Eles as colocaram com o mesmo fervor das palavras que haviam proferido. Quando
o pastor lhes pediu para ficarem de frente para a prece final, os dois tinham as mãos
entrelaçadas, como seus corações, para toda a eternidade.
No final da cerimônia, o sacerdote pediu-lhes que olhassem para a congregação.
— Eu vos declaro marido e mulher, Sr. e Sra.

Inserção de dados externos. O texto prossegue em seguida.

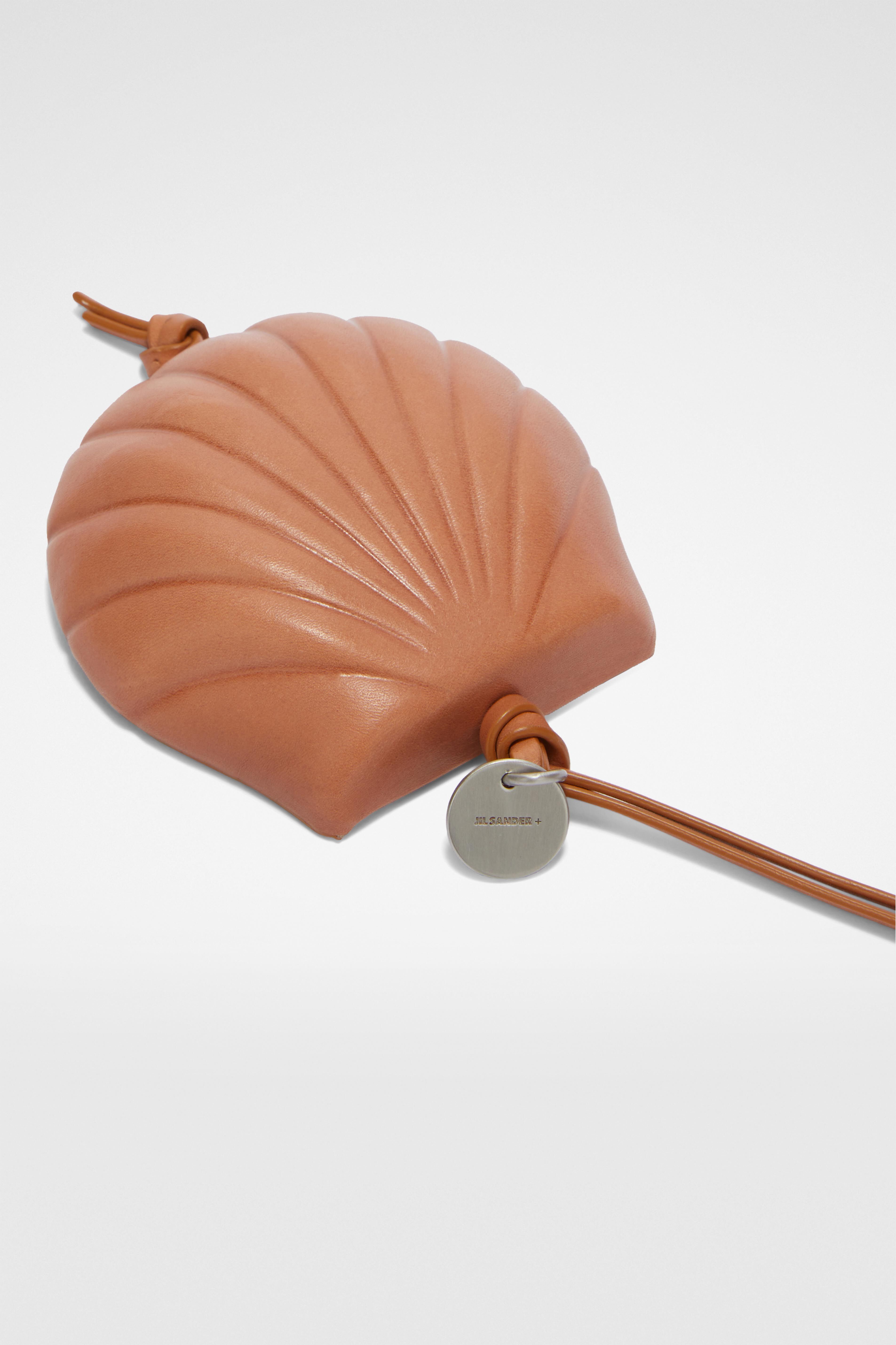 JIL SANDER WOMEN'S TAN LEATHER SHELL-SHAPED POUCH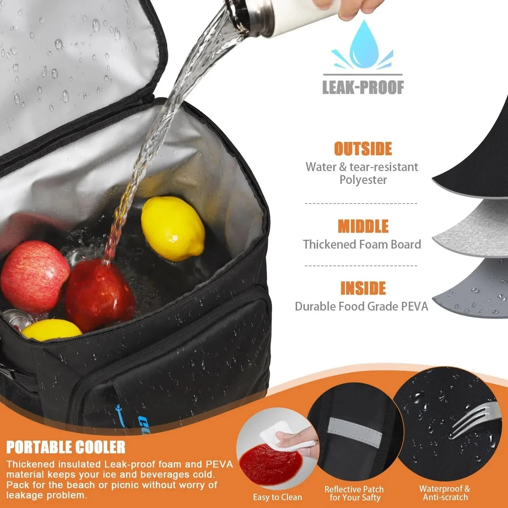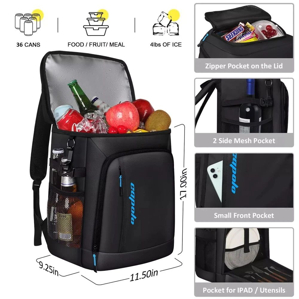 ABOUT THIS ITEM: Upgrade Insulated & Leak-proof & Sweat-Free Material:Upgrade 4 layers(others 3) of material to effectively lock temperature.The inner layer uses a silver PEVA seal and adopts a seamless hot pressing process for leak-proof .210D waterproof wear-resistant lining lowers the risk of tearing or coming apart. Thickened 8mm (others 5mm) foam Insulation helps to prevent heat transfer. Waterproof nylon outer adds abrasion protection. (The zipper isn't leakproof, kindly take care to avoid tipping over) 36 Cans Large Capacity & 4 Compartments: Capolo soft cooler with 4 compartments offers convenient organization options, and helps you keep your item neat and organized, eliminating the need to search the entire bag.36 Cans Main Compartment, perfect for keeping your food and drinks chilled on the go. The top compartment offers a separate dry storage space, ideal for snacks or personal items. Plus, 2 additional pockets with 2 mesh slots for utensils, napkins, or any small travel essentials. Lightweight & Ergonomic Design: Tailored with adjustable shoulder straps and thickened 10mm back foam(others 8MM), it offers personalized support, ensuring your load is evenly distributed for maximum comfort during any adventure. The generous foam thickness is a barrier, blocking cold air from contacting your back and further enhancing your comfort. Bid farewell to cumbersome traditional soft coolers, upgrade your journey experience today, and invest in a Capolo cooler bag! Experience Unmatched Convenience and Detail: The Capolo beach cooler bag stands out with its meticulously crafted details. Adjustable side buckle designed to hold tall bottles adjusts for optimal bag shape retention and serves as a makeshift handle for easy two-person carry. We provide an opener ensuring you can enjoy your favorite beverages hassle-free anytime. Reflective strips on the shoulder straps increase visibility during low-light conditions, ensuring your adventures are safe at any hour. Water-resistant Outer: Water-resistant Outer to protect your items from raindrops, sweat, and moisture, Be well suited as a backpack lunchbox, travel cooler, camping cooler, insulated backpack, etc.

Raymond Coleburn.
Todos começaram a aplaudir, e Mark foi correndo até eles.
— Agora você é meu pai? — perguntou o pequeno, todo sorridente.
Raymond afagou-lhe os cabelos e abraçou a esposa. Annebelle pegou Amanda das
mãos de Grace.
— Sim, sou seu pai.
O rostinho de Mark resplandecia.
— Então somos uma família?
— Sim, uma família de verdade.
— Acho que você se esqueceu de um detalhe, caro irmão. — Hunter bateu nas
costas de Raymond. — O noivo não deve beijar a noiva?
Annebelle sabia que Raymond a respeitaria na frente de todas aquelas pessoas,
mas estava orgulhosa com o casamento e queria prová-lo ao marido.
— Sim, deve — disse ela, olhando com paixão o marido.
Quando os lábios de Raymond tocaram os dela, Annebelle o beijou com
sofreguidão, ansiosa pela noite que teriam juntos, pela vida que compartilhariam dali em
diante. Encontrara seu companheiro e sua alma gêmea.
E não via a hora de o futuro começar.